You're going to want exernal storage as there is very limited disk space on the internal 16GB eMMC 5.1 flash storage, however the NVIDIA Jetson TX2 NX module uses boot firmware that is stored only on internal eMMC storage, it cannot boot from external storage (like an SSD drive) until the internal eMMC has been flashed.

As of 2024-02-16 the latest version of Jetson Linux OS supported by the module was R32.7.4.

Download the Driver Package (BSP) and Sample Root Filesystem from Jetson Linux R32.7.4 | NVIDIA Developer,

Or, using wget

wget https://developer.nvidia.com/downloads/embedded/l4t/r32_release_v7.4/t186/jetson_linux_r32.7.4_aarch64.tbz2

wget https://developer.nvidia.com/downloads/embedded/l4t/r32_release_v7.4/t186/tegra_linux_sample-root-filesystem_r32.7.4_aarch64.tbz2

Prepare the filesystem

export L4T_RELEASE_PACKAGE='jetson_linux_r32.7.4_aarch64.tbz2'
export SAMPLE_FS_PACKAGE='tegra_linux_sample-root-filesystem_r32.7.4_aarch64.tbz2'

tar xvf ${L4T_RELEASE_PACKAGE}
cd Linux_for_Tegra/rootfs/
sudo tar xvpf ../../${SAMPLE_FS_PACKAGE}
cd ..

Prepare the firmware

# From the `Linux_for_Tegra` folder
sudo ./apply_binaries.sh  
sudo ./tools/l4t_flash_prerequisites.sh

Prepare for a headless installation by setting the default username, password and hostname for the module

# From the `Linux_for_Tegra` folder
# <username> - replace with your user name
# <password> - replace with your password
# <hostname> - replace with the hostname to use in your network (also for the ssh connections)
# -a - autologin, if you are going to use desktop

sudo ./tools/l4t_create_default_user.sh -u <username> -p <password> -a -n <hostname>

Note: you can skip this, but as the Turing Pi cluster board does not expose HDMI (on any node other than node 1) or USB devices (on any node other than node 4) by default (without additional components for the board) then the module will sit waiting for setup via GUI. Preparing in advance means you can connect via SSH after flashing.

Flash the device

# From the `Linux_for_Tegra` folder
# We use the device name `jetson-xavier-nx-devkit-tx2-nx` even though we're not using the DevKit board - this still works for our module
sudo ./flash.sh jetson-xavier-nx-devkit-tx2-nx internal

This will flash the Jetson Linux OS (Ubuntu 18.04) to the module, it might take some time
After it has finished flashing, the module should automatically reboot itself and you should be able to SSH into the module using the hostname, username and password you set.

ssh username@hostname

Note: If your router doesn't resolve hostnames automatically (mDNS) then you will need to find the IP address of the module that has been assigned via DHCP and use that to login via SSH

ssh username@10.10.10.100

I reserve IPs via my router for devices based on their MAC address, but once you have logged into the module via SSH, you could also setup a static IP address if needed.

You can run a few commands to check things look normal, in the context of Jetson Linux OS:
- Run the tegrastats command.
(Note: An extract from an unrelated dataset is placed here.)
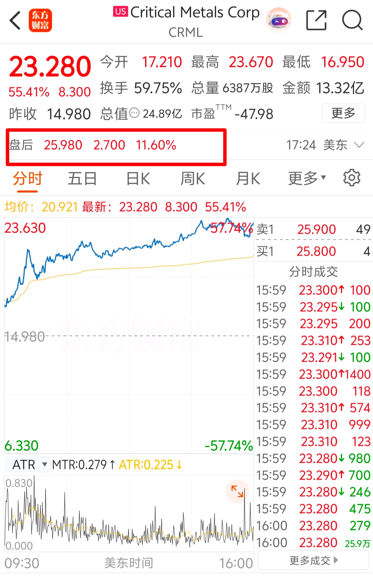 美稀土概念收盘股暴涨55%,盘后又继续拉升12%!累及已经暴涨百分之七十多了!

Expected results would be the specification values for active CPUs and GPUs reflected in the output, something like:
```
tegrastats
```
  Which should output repeated lines like
```
RAM 890/3825MB (lfb 184x4MB) SWAP 0/1913MB (cached 0MB) CPU [0%@2035,0%@2035,0%@2035,3%@2035,0%@2035,0%@2035] EMC_FREQ 0% GR3D_FREQ 0% PLL@40.5C MCPU@40.5C PMIC@50C GPU@39C BCPU@40.5C thermal@39.9C
```
- Check the kernal version:
```
uname -r 
```
  Which should output something like
```
4.9.337-tegra
```

Flashing and booting from external storage

Now that the module's internal storage is prepared - before we continue with any other device setup - we can switch to botting from external storage. The internal storage still holds the boot firmware but we can ignore it from this point forward.
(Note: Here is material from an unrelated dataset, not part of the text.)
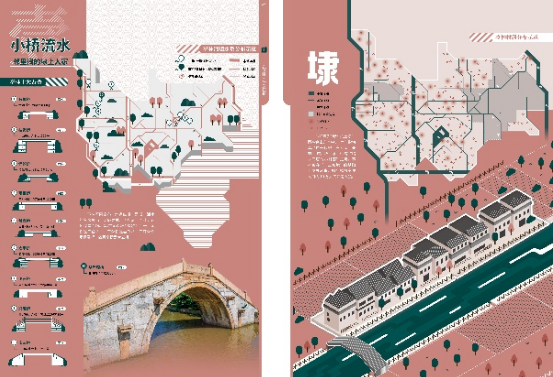 为此,编制团队通力协作,基于多地多维调研,尝试从宽、窄、中多层次视角进行叙事意象梳理、区域禀赋分析、目标需求识别和主题分解演绎,并在内容大纲、形式表达及其叙事衔接的融合设计上着力谋求创新,强化图件多向度观察的文化表现张力和空间叙事力。就大纲编排而言,图集拓展了镇域人文地图集的架构方式——鲜明的叙事主题、自恰的图组逻辑、分层的写意写实(图组写意而图幅写实)——为专题地图集的主旨凝练、观点解说提供了范式指引;就形式表达而言,图集丰富了镇域人文地图集的可视化手法——叙事结构的视觉响应、多元空间的综合整合与虚实要素的符号协同——亦为专题地图集的信息设计提供了实践参考。而活页式的封套装帧方式,也给予不同阅读主体根据兴趣选择切入点的自由,更可为内容的更新和续编提供灵活的延伸接口。

The Turing Pi cluster board has SATA, mPICe and M.2 (NVMe) mappings to different nodes. The TX2 NX module supports all of these so you can choose how to connect external storage.

I'm using an M.2 NVMe SSD drive. I installed the NVMe drive into the corresponding M.2 port for the module's slot. I have chosen node 4 on the board, as this keeps nodes 1-3 and their SATA or SATA-via-mPICe connections free for stoage on other modules.
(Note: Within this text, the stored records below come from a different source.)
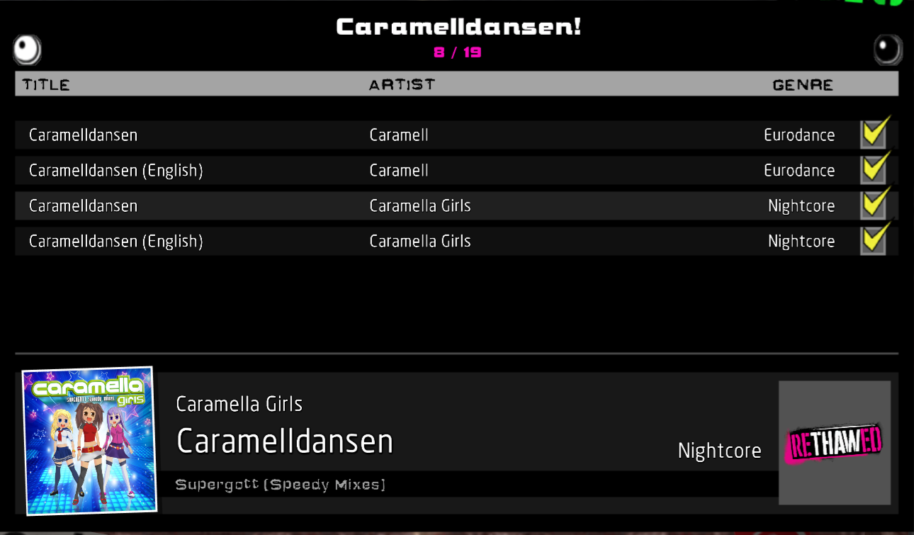 contains 4 versions of Caramelldansen! the original by Caramell, the english version by Caramell, and both of the iconic "speedy" versions by The Caramella Girls!!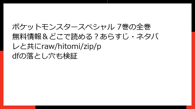 ポケットモンスタースペシャル 7巻の全巻無料情報&どこで読める?あらすじ・ネタバレと共にraw/hitomi/zip/pdfの落とし穴も検証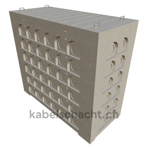 Modular cable duct, internal dimensions 100 x 250 cm, depth 229 cm, concrete cover, internal width 100 cm and internal length 250 cm, load class A15 with 10 concrete covers, 2 including pull-out chrome steel support brackets.

You could flash the NVMe drive by connecting it directly to the host computer or, like I did, via the cluster board and TX2 NX module. NVIDIA have some archived instructions on how to setup external drives (like NVMe) for booting, which through trial and error I have adjusted to:

From the TZ2 NX module, via SSH

Check the NVMe drive's device name

lsblk -d -p | grep nvme | cut -d\  -f 1 # Note that there must be two spaces after the ‑d\

Which should something like

/dev/nvme0n1

Specify the partioning standard to use, this should be GPT in most scenarios

sudo parted /dev/nvme0n1 mklabel gpt

Add the APP partition

Depending on the size of your drive, choose a size for the APP parition. It needs to be at least 16GB but you're going to want enough size to add apps over time (without needing to store on different mounted partitions). The NVMe drive I'm using is 500GB so I've chosen 100GB for the APP partition

sudo parted /dev/nvme0n1 mkpart APP 0GB 100GB

Assuming your disk was empty then the first partition is created at /dev/nvme0n1p1.

Initialise/format the APP partition as an ext4 filesystem

sudo mkfs.ext4 /dev/nvme0n1p1

Temporarily mount the partition

sudo mount /dev/nvmeXn1p1 /mnt

From the host computer

Prepare the raw system image

# From the `Linux_for_Tegra` folder
sudo BOOTDEV=nvme0n1p1 ./flash.sh --no-flash jetson-xavier-nx-devkit-tx2-nx nvme0n1p1
sudo mkdir tmp_system
sudo mount bootloader/system.img.raw ./tmp_system

Sync the filesystem to the temporarily /mnt on the module

# <username> - replace with username on the module
# <host> - replace with the hostname or IP address of the module
sudo rsync -axHAWX --numeric-ids --info=progress2 --exclude=/proc ./tmp_system/ <username>@<host>:/mnt

From the TX2 module, via USB-to-TTL-serial cable or via BMC CLI with `picocom`

Connect your host via USB-to-TTL-serial cable to the appropriate pins on the cluster board and setup your host for USB-to-TTL or use BMC CLI and picocom.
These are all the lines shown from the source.